From rooftop solar arrays to a basement compost system, the 17,000-square-foot Kern Center’s orientation, form, mechanical systems, envelope, and landscaping all address the need to perform at net-positive energy and water. In fact, the building is projected to generate 25 percent more energy than it uses. But if advanced green buildings “just end up being science experiments,” says Jason Forney, Bruner/Cott principal, “they won’t succeed in introducing a new era.”

Interior and exterior photos of the Kern Center.

© Robert Benson

RESTRAINED PALETTE To satisfy the tough product-sourcing requirements for the Living Building Challenge, Bruner/Cott limited the primary materials to local stone, wood, and concrete on the Kern Center at Hampshire College.

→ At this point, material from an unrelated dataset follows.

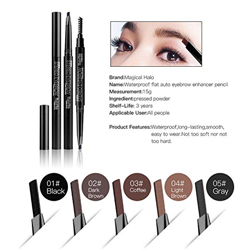 Magical Halo Lápiz de cejas Marrón oscuro Impermeable Ceja de precisión de doble punta (Marrón oscuro/Dark Brown # 2)

Instead, Kern integrates its building systems into architecture that makes human scale and experience the priority and emphasizes biophilic principles. To ground the building visually, concrete bands in the stone cladding grow thicker as they descend, creating the impression of a firmly rooted mass. A double-height glazed volume provides a central focal point to orient users. A narrow footprint, with glazing on opposite sides and framed views of the surroundings, creates a sense of the outdoors flowing through the interior. The solar-optimized form and materials from the bioregion provide a tangible connection to place.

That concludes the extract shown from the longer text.